Protoplanetary nebula in the constellation Scutum

AS 314, also known as V452 Scuti, is a protoplanetary nebula once believed to be a white hypergiant star or luminous blue variable located in the constellation of Scutum. It has an apparent magnitude of 9.85 and can be seen with small telescopes.

==Characteristics==
AS 314 was found to be a variable star in 1996, when the Hipparcos data was analyzed. For that reason it was given the variable star designation V452 Scuti, in 1999.
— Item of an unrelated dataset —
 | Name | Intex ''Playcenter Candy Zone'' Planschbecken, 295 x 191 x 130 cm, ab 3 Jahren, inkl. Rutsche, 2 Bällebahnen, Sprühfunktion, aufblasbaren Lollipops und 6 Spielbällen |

AS 314 was poorly studied until the year 2000, when Miroshnichenko et al. incorrectly estimated a distance for this star of around 10 kiloparsecs (32,600 light years), a luminosity 160,000 times that of Sun, a radius 200 times the solar radius, and an initial mass of 20 solar masses. It was also estimated to be losing each year (in other words, every 50,000 years) through a very strong stellar wind.
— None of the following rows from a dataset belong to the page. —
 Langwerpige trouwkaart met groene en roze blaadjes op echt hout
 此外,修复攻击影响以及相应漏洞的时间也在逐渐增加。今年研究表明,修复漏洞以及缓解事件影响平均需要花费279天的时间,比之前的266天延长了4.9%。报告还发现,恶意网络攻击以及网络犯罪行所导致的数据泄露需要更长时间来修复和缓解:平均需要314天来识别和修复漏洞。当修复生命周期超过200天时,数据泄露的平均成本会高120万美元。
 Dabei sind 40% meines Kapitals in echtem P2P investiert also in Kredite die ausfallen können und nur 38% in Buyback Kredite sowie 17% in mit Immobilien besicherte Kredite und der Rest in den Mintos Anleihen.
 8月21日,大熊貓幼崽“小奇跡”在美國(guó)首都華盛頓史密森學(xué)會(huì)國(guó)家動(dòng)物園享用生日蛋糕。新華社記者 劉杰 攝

AS 314 has an infrared excess, suggesting that it is shrouded in a circumstellar envelope of dust. However, it has not been classified as a bona fide luminous blue variable, but as a candidate.

The Hipparcos parallax and proper motions are large and imply a much closer, and hence less luminous, star. The Hipparcos measurement was later confirmed by the Gaia mission, reclassifying AS 314 as post-AGB star.